Le bois de Roche-Vernaize est planté sur un escarpement de grès tertiaire dominant, comme un promontoire, le vallon de craie turonienne (tuffau) qui s’étend jusqu’à Loudun. Les deux dolmens qui reposent au milieu d’une clairière de ce bois font partie de cet ensemble de mégalithes disséminés sur les communes contiguës de Saint-Léger, Morton, Trois-Moutiers, Loudun, Ternay, Arçay, Saint Laon, Martaizé, Angliers, Le Bouchet, Basses, Roiffé, Lerné et Bournand où se trouve la Pierre Folle. Les dolmens de Roche-Vernaize n’atteignent point les dimensions colossales de leurs voisins de Saint Léger et de Bournand, ce qui n’a point empêché la légende de s’attacher à eux : Un énorme et diabolique serpent gardien caché du monument devait, disait-on, punir de mort dans l’année, les téméraires qui’ oseraient troubler son repos séculaire. Plusieurs paysans charitables sont venus en avertir sérieusement nos ouvriers. Cette Légende parait se rattacher aux anciennes superstitions orphiolatriques dont on trouve encore des traces dans nos contrées de L’ouest.

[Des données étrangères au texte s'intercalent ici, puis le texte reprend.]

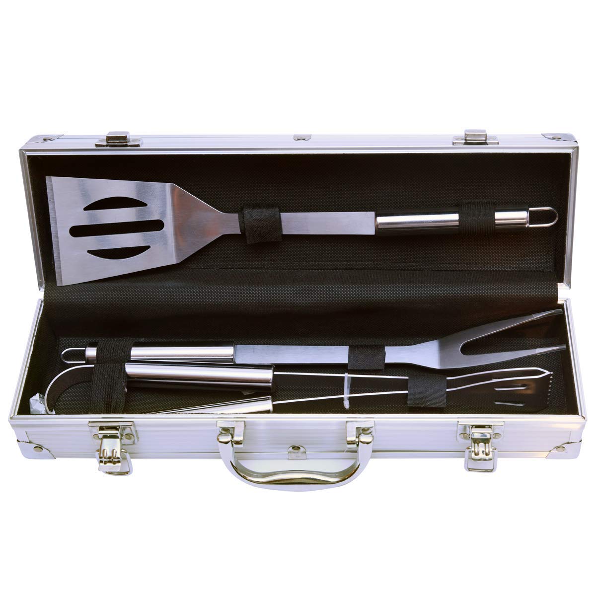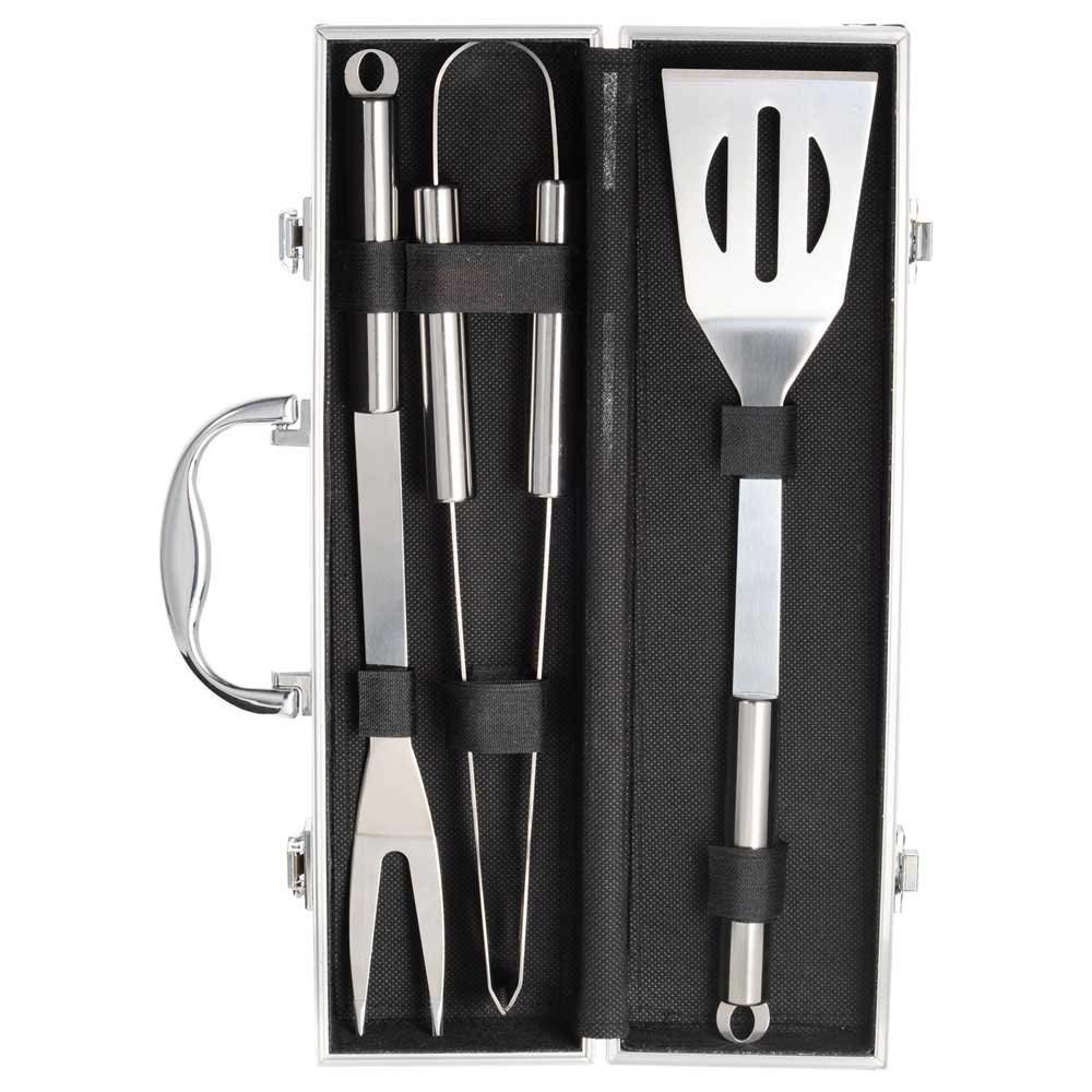Stainless Steel 3PC BBQ Tools Kit with Metal Case
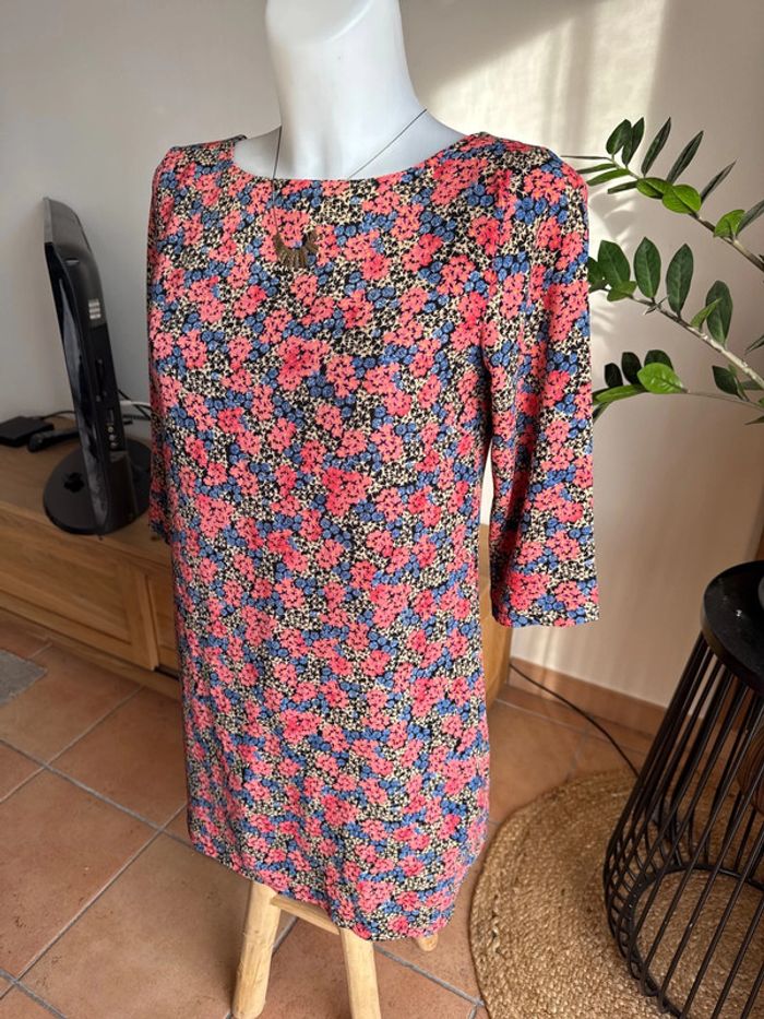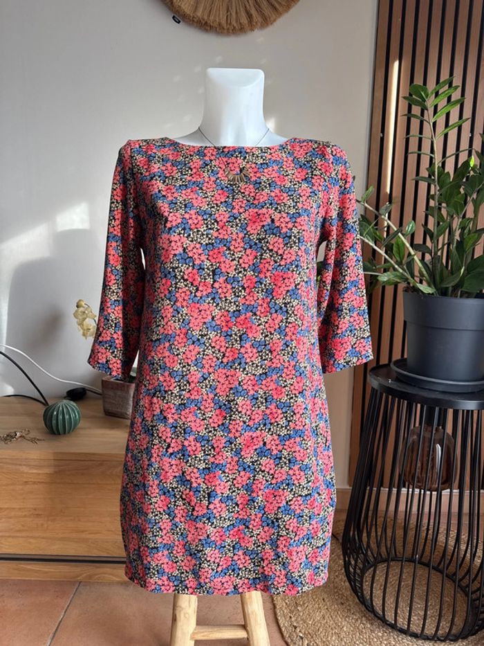 Robe motif fleurs Manches 3/4 Col rond Doublée Longueur épaule au bas 83 cm Au dessus du genou Peu portée, comme neuve Taille S #labrune_33femme #labrune_33femme36 #labrune_33femmerobe 📤 envoi rapide # dressing trié par genre et taille Réduction sur lot activée

source: http://loudun.discuforum.info

Dolmen de la Pierre Folle

Monument mégalithique, extrêmement intéressant et qui n’a jamais pu être étudié à fond. Cette allée couverte est de l’époque de la pierre demi-taillée. C’est, à notre connaissance, le plus grand monument de ce genre. Sa longueur totale est de 18 m 47, sa largeur moyenne de 5 mètres intérieurement et de 6 mètres extérieurement. Comme à la Roche-aux-Fées de Saumur, l’intérieur était divisé en deux et peut-être en trois pièces. L’entrée primitive, bien accusée par une baie de 1 m 05 de large, est obstruée, à l’heure actuelle, par une longue aiguille qui semble un menhir renversé. D’après une légende, que nous a rapportée l’excellent abbé Brücker, curé de Bournand, ce menhir était le dieu adoré par les habitants, à l’époque de Saint Martin. Ce dernier planta son bâton au pied de l’idole: immédiatement, le menhir fut renversé à la place où on le voit encore, et le bâton, prenant racine, devint un superbe mûrier dont les branches s’étendaient sur presque tout le monument.